As a college student in the 1960s, Hartsough spent weekends with African-American friends holding sit-ins at whites-only lunch spots. During final exams his sophomore year, Hartsough and friends decided to risk arrest getting “something to eat” at a lunch counter in a state that had threatened stiff fines and jail time to protesters.

“We didn’t relish the idea of a year in jail or a $500 fine,” Hartsough said. But that didn’t stop them. The group filed into a drug store and sat down at the lunch counter. The owner put up a closed sign.

“I spent the time meditating on loving your enemy,” said Hartsough, a Quaker. “I sat for two days waiting for something to eat. …. The most difficult two days of my life.”

The protesters were spit at and kicked. Lit cigarettes were thrown down their shirts. Hartsough was attacked by a man with a knife. The man grabbed Hartsough and gave him an ultimatum: “You nigger lover, get out or I’ll stab you through the heart.”

“I had less than two minutes to decide whether I truly believed in non-violence,” Hartsough said.

Hartsough’s reply to the man: “Friend, do what you believe is right.”

The man left.

With 500 people waiting outside “wanting to kill us,” the protestors appealed to the local religious community.

“The 12 of us touched their consciences,” Hartsough said. “We pressured them to do the right thing.”

Within a week, the facility was open to everyone.

“We don’t have to sit on the side-lines,” Hartsough said. “We have power to make changes.”

After more than four decades, Hartsough is still doing non-violent resistance. His group, Peaceworkers, part of Non-violent Peaceforce (www.nvpf.org), trains civilians to go into war-torn areas and do non-violent activism, pursuing a mission of protecting human rights and human life. In some villages and towns, the mere presence of a Westerner is enough to keep violence from breaking out.

“Our world is addicted to using violence to solve problems,” Hartsough said. “But there are non-violent movements to overthrow repressive governments.”

Non-violence is also far less expensive than war.

A Peaceforce pilot program is working in Sri Lanka, where civilians are sick of a war that’s lasted nearly two decades and led to 65,000 deaths.

It works.

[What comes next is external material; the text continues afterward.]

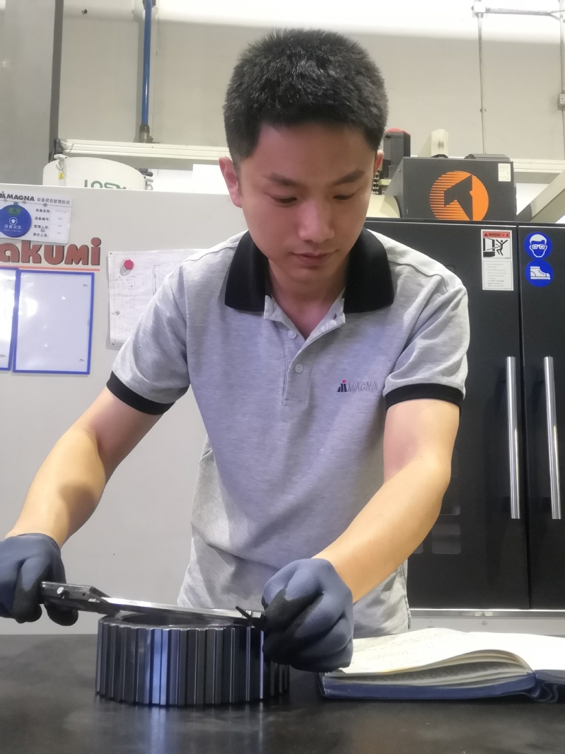 “我的技術(shù),就是從開發(fā)這個(gè)電主軸慢慢積累起來的?!睏畛蓪蠋熀凸境錆M感激。也就是憑著這樣的頂尖技術(shù),2016年6月,楊成成功應(yīng)聘,成為麥格納汽車系統(tǒng)(常州)有限公司的一名機(jī)加工專員,專門負(fù)責(zé)公司的沖壓、加工的技術(shù)指導(dǎo),時(shí)間不長,就做了機(jī)加工主管。

And it costs far less than bombs. The annual budget of Peaceforce’s Sri Lanka program equals what the U.S. Defense Department spends in two minutes, Hartsough said.

The people of the world want peace, Hartsough said, and they need to know there’s an alternative. That runs counter to the mindset of leaders like President Clinton, when he decided to send planes on raids over Yugoslavia.

“For some, the choice is either to turn our heads and pretend nothing is happening—or to start bombing,” Hartsough said. “For others, both of these were not options.”